Write What You Know
"On the eve of the 20th century, Kate Chopin confronted the fundamental dilemma of what it meant to be a woman. In a stream of stories and in her novel, The Awakening, she explored the unsparing truth of women's submerged lives."
"There was great demand for short fiction at that period, and one of the genres that was most popular was the one known as 'local color,' which offered descriptions of the varied parts of the country, exotic parts of the country. It was pretty clear to her early on that it was her southern stories, her Louisiana stories that sold... While the land inspired her imagination, her time there was limited."
Write Passionately
What drove Kate Chopin was her passion for writing, and her willingness to let writing take her into places that she had never been herself, necessarily. And certainly, the literary traditions out of which she came had never really gone.

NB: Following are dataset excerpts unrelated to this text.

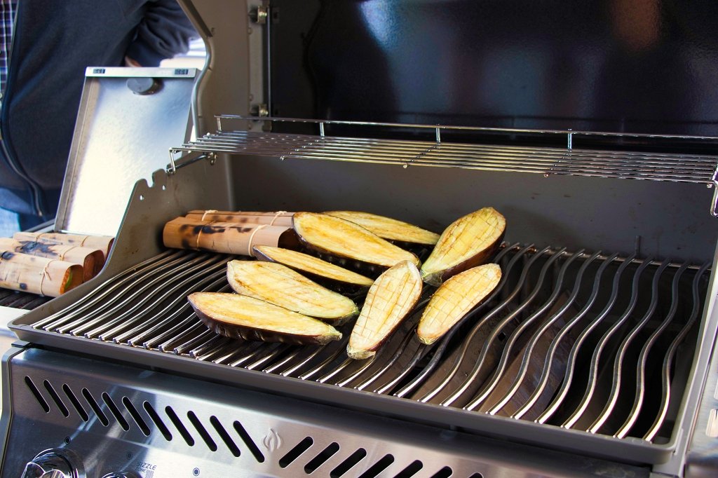 - Die ganzen Auberginen für gut 30 Minuten indirekt bei 200 Grad grillen bis sie komplett weich sind. Ab etwa der Hälfte der Zeit die halbierte Knoblauchknolle hinzugeben und mitgrillen. Die Auberginen enthäuten und die Masse mit den Gewürzen, Öl, S&P würzen. Mit Hilfe eines Stabmixers pürieren und kurz ziehen lassen. Nach Belieben kann man noch eine Chili und Petersilie beigeben. Wenns mal schneller gehen sollte oder die Auberginen recht groß sind, kann man diese auch halbieren und vorab leicht salzen.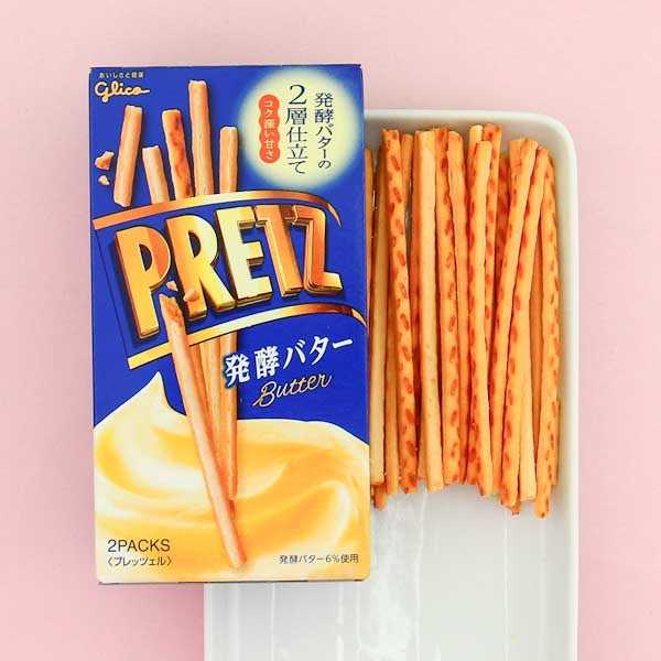 Pretz is a delicious, funny biscuit snack from Japan, made by the famous Glico! Not only do Pretz sticks come in any flavor you can imagine, but they also come in a broad array of styles and shapes. These salty sticks are butter flavored! The package has 2 smaller packages inside, so they are super easy to take with you where ever you go! Yummy!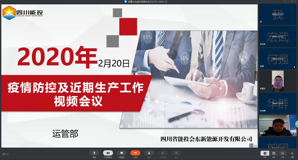 会议网络视频化,既做到疫情防控管理的要求保证人员不接触,又能高效完成会议内容。2月20日,运管部召开疫情防控及近期生产工作视频会议,会议学习传达了近期的抗疫保电、安全生产的文件;总结了近期安全生产工作;安排部署了下一阶段的安全生产工作。副总经理郭翔参加会议并做出要求:正值抗疫保电攻坚期,大家认真落实各项措施要求不能松懈。特别是升压站作为疫情防控重点区域,要做好隔离。

She's one of those writers whose sense of craft puts her right on the edge of poetry... The writer she especially admired was the short story and novella writer, Guy de Maupassant, who perfected a kind of writing that she took very seriously.'Here was life, not fiction," she wrote in a private diary aout the novella writer Guy de Maupassant. "Here was a man who escaped from tradition and authority, who had entered into himself and looked out upon life through his own being and with his own eyes; and who, in a direct and simple way, told us what he saw."
Write To Change the World,
(Even If It's Not Intentional)
"With Chopin the dark crannies of the human soul were part of what is to be human. It was part of her war against platitudes. If you look only at the surfaces you're not going to begin to understand what people are about. It's a measure of both her talent and her character, her strength as a woman, that she didn't find the depths of the human soul, even human depravity, threatening."
Its spontaneity, and its physical demands opens up Edna to places in her heart and in her soul she'd lost contact with, maybe had never known were there...I don't think any other writer of the period, certainly no male writer, and I don't think any other woman writer tried to understand what happens when a woman experiences her own sexual being and her own self. And of course, that's exactly the tragedy and the dilemma that Chopin is exploring in her fiction which is, what happens, how do you get past this, this bind for women that if you possess your own self, if you possess your own body, you know that the options the society offers you are marriage and death.By novel's end, Edna has awakened to herself, but finds no place for that self in the world she knows. She swims out to sea till her strength is gone.
"Once you begin to push against those margins, against those limits, you begin to offend people. You begin to offend convention and expectations, and that's exactly what Kate Chopin ran into with The Awakening."
I'd first read her when I was given a copy of The Awakening by a woman who said to me, "You should read this book," and the big question that we asked ourselves was how did Kate Chopin know all that in 1899?
Can you imagine someone asking something similar about you in the year 2099? Why not?